I'm beside myself with embarrassment. In my entry about circumcision this morning, I provided a false etymology. Even worse, I deceived my own daughter with the same lie. I didn't mean to perpetuate the deceit, but that doesn't make things right. So, without further ado, let me state, for the record, as bobo_amargo so graciously pointed out, that the word "incident" has a different parentage than "incisive." While the latter does, in fact, come from the Latin "cædere," meaning "to strike" or " to cut," the former actually derives from the Latin "cadere," meaning "to fall" or "to die."

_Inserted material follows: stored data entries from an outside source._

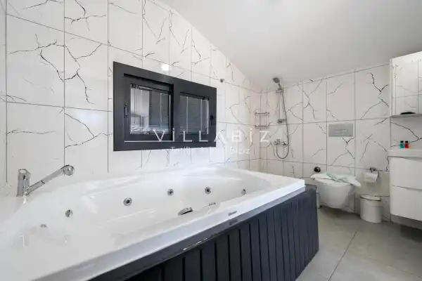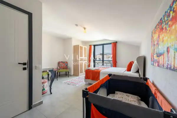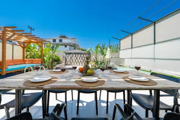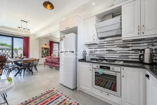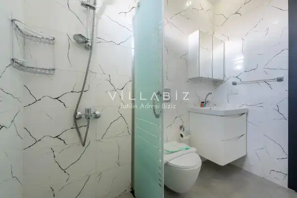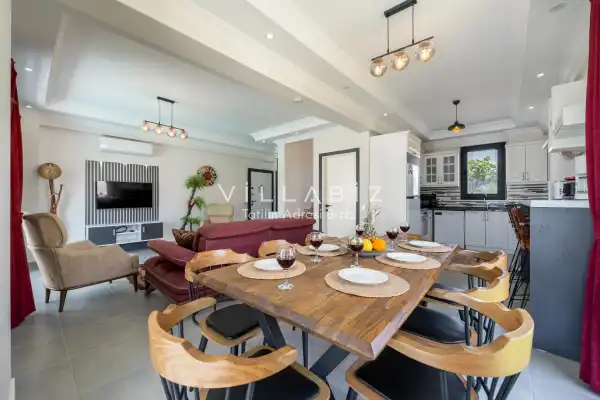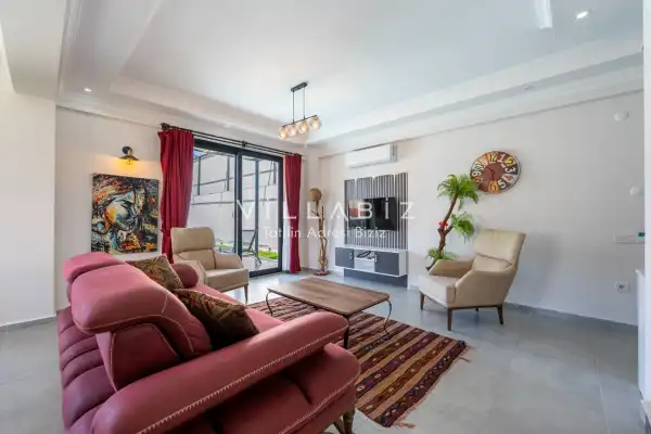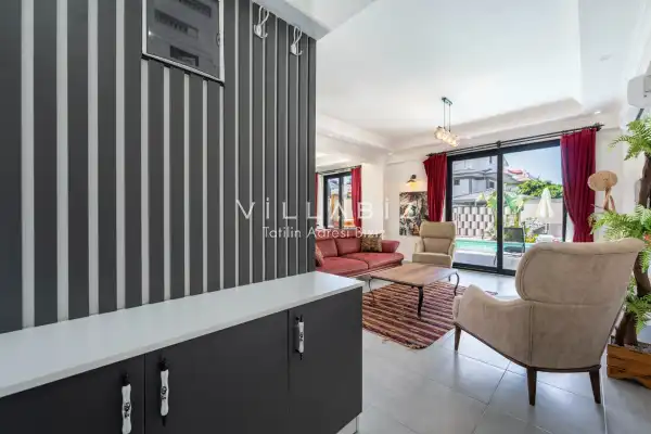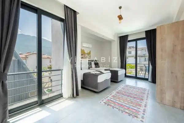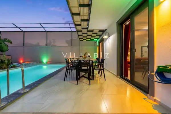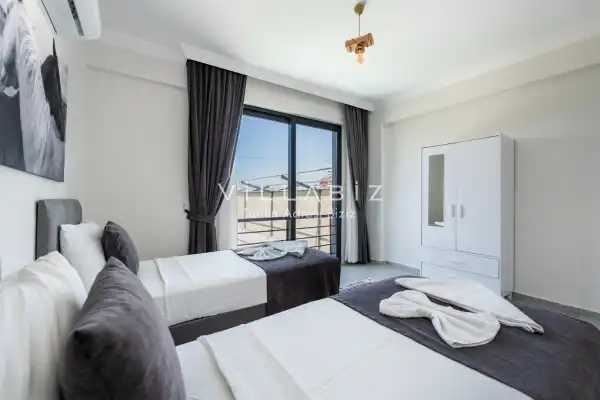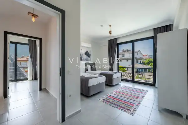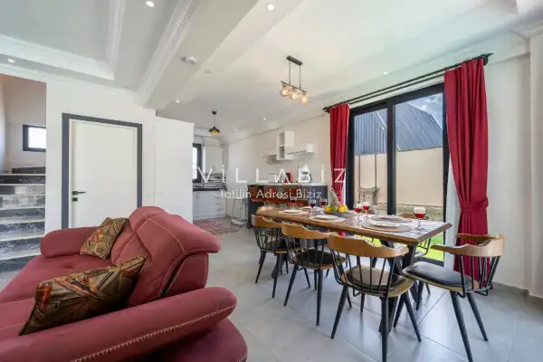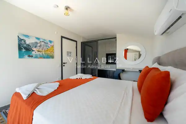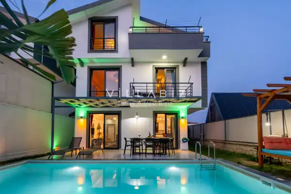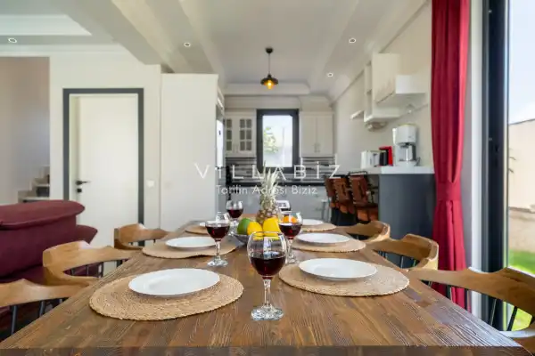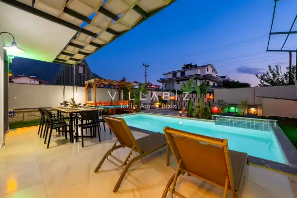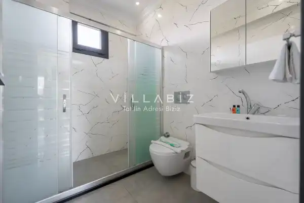 Toplam 4 yatak odasından oluşmuş, 8 kişi konaklama kapasitesine sahiptir. Geniş aileler ve kalabalık arkadaş grupları için oldukça idealdir. Oldukça şık ve modern bir şekilde döşenmiş olan villamızda misafirlerimiz için her şey düşünülmüştür. Havuz terasında bulunan şezlonglarda güneşlenebilir, bahçe masasında muhteşem yemekler yiyebilir, salıncakta sallanıp keyifli dakikalar geçirebilirsiniz.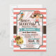 Ahoy, Mateys! Fun, cute nautical sea pirate theme children's, girl's birthday party invite on coral pink and white stripes pattern. Features pirate girl with boots, eye patch, pigtails, and polka dot bandanna with pirate parrot, bird, and gold treasure chest. Second, 2nd, birthday can be personalised to first, 1st, or other birthdays for toddlers, kids, or babies, baby, etc. Colours include coral pink, brown, teal blue, yellow, and white.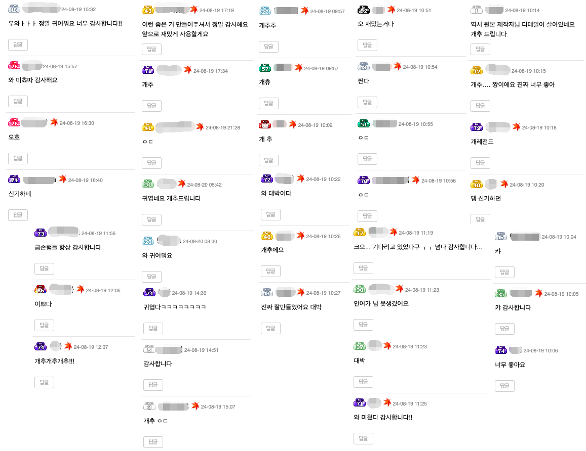 이 과정에서 지인 한 분이 커뮤니티에 자랑글을 올리기도 했었는데, 조회수가 무려 6만에 달했고 댓글창에 "직접 써보고 싶다", "귀엽다", "갖고싶다" 등의 긍정적인 코멘트가 많이 달렸습니다. 앞에서 좋은 반응이 있을 것이라고 확신했었는데 예상 적중 했습니다.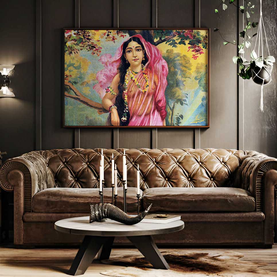 Immerse your space in the timeless elegance of Raja Ravi Varma's masterpieces. These meticulously reproduced prints capture the legendary Indian artist's distinctive fusion of European academic techniques with traditional Indian themes. Each piece showcases Varma's remarkable ability to portray mythological narratives and cultural scenes with photographic realism, vibrant colors, and emotional depth. An essential addition for discerning collectors and connoisseurs of classical Indian art.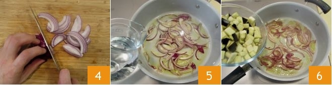 Clean the red onion and slice it 4; in a pan, pour a drizzle of oil and add the onion, cook over medium-high heat; pour water to facilitate cooking 5 and prevent burning, stirring occasionally. After 5-6 minutes, add the eggplants 6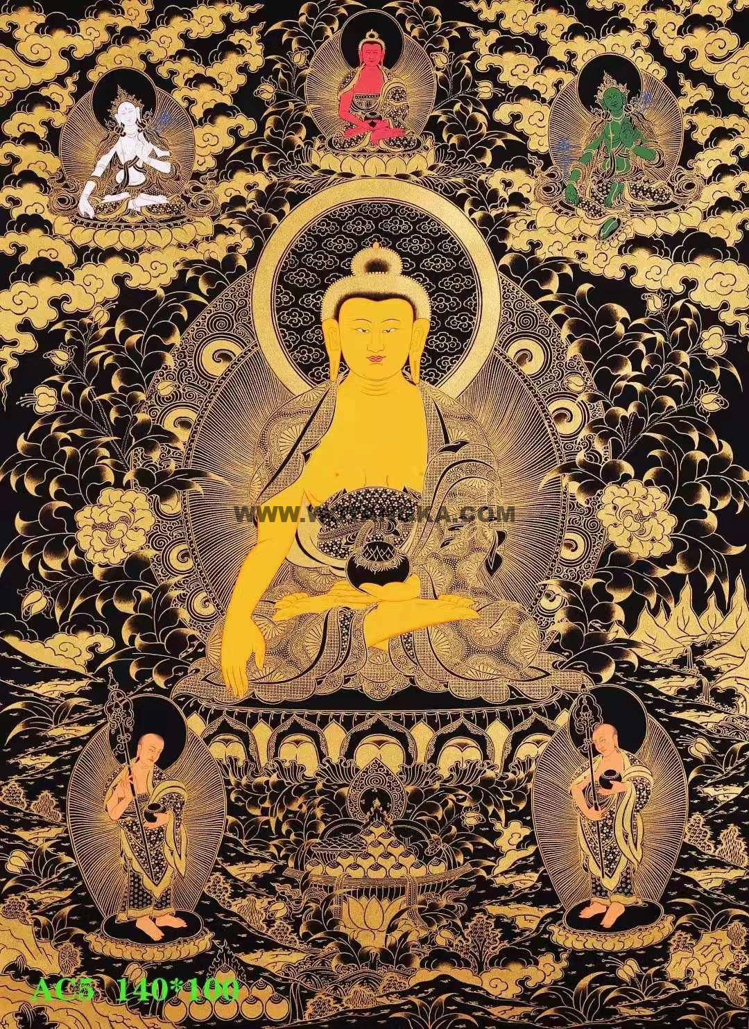 唐卡材质:白棉布、名贵矿石颜料、黄金等贵金属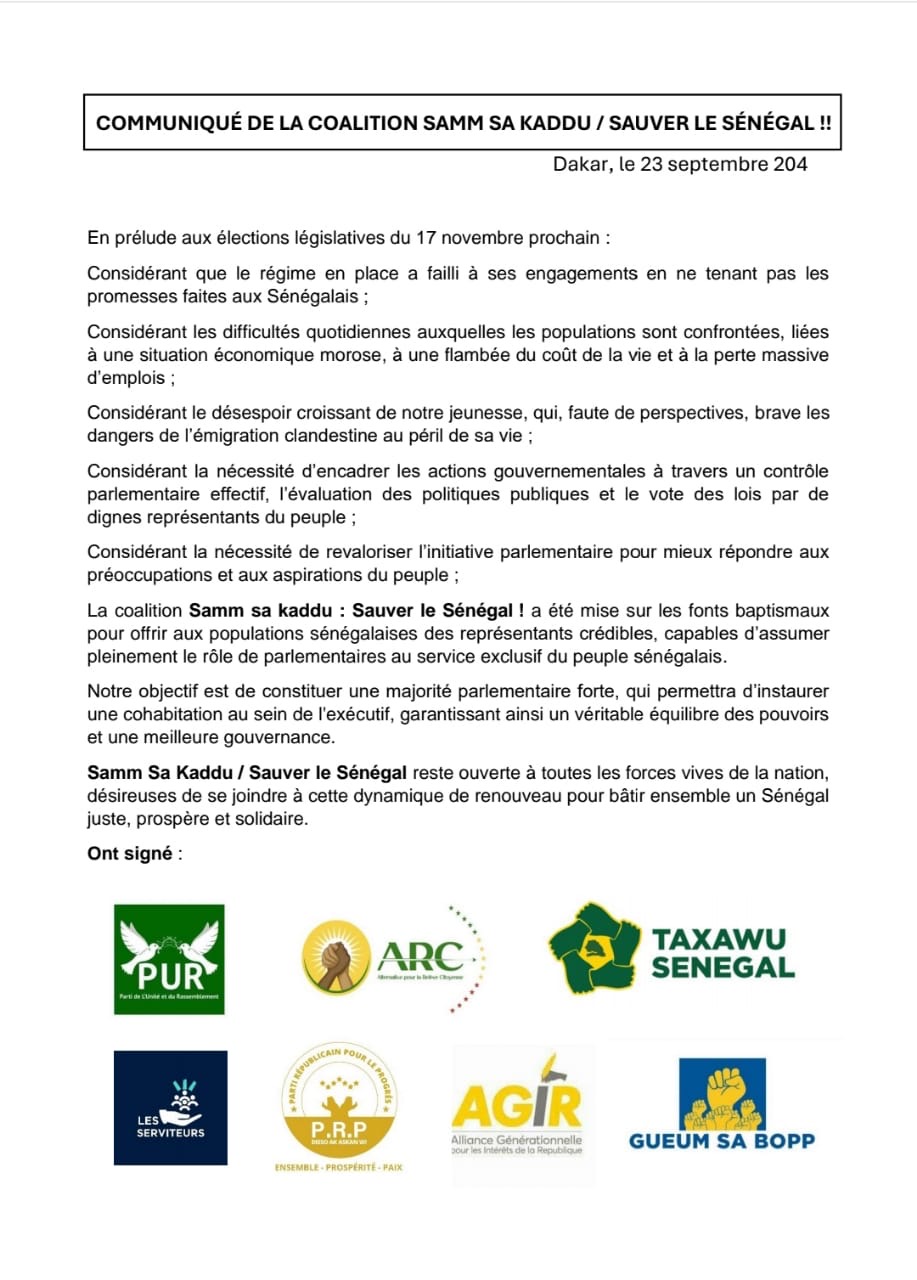 – À moins de deux mois des élections législatives du 17 novembre 2024, une nouvelle coalition politique voit le jour sous le nom de Samm Sa Kaddu : Sauver le Sénégal. Cette alliance ambitionne d’offrir une alternative crédible aux Sénégalais, en réponse aux multiples crises socio-économiques qui frappent le pays.

My confusion came from an undergraduate lecture that I either remembered too dimly or didn't comprehend to begin with. You see, I had thought that those two Latin verbs were from the same Indo-European root because my instructor had made a play on words that centered on the phrase, "when the strike falls." But I've looked up the words in the Oxford English Dictionary and a few etymological dictionaries and can find no evidence to support my ill-founded conviction that "incident" and "incisive" are related.

The worst part of this discovery is that it is accompanied by the realization that I have done precisely what I rag on Martin Heidegger for doing: playing fast and loose with the history of words. I hope this isn't the start of something more serious. If I start looking at photos of Hannah Arendt with inexplicable longing -- already a possibility, given that she was definitely my type -- and am overcome with the desire to remove my shoes and dangle my feet in a Black Forest stream, I will know that I am infected. Maybe I should have a glance at Theodor Adorno's The Jargon of Authenticity in the hopes that it will serve as the zinc needed to forestall the worsening of this false etymology-inducing virus.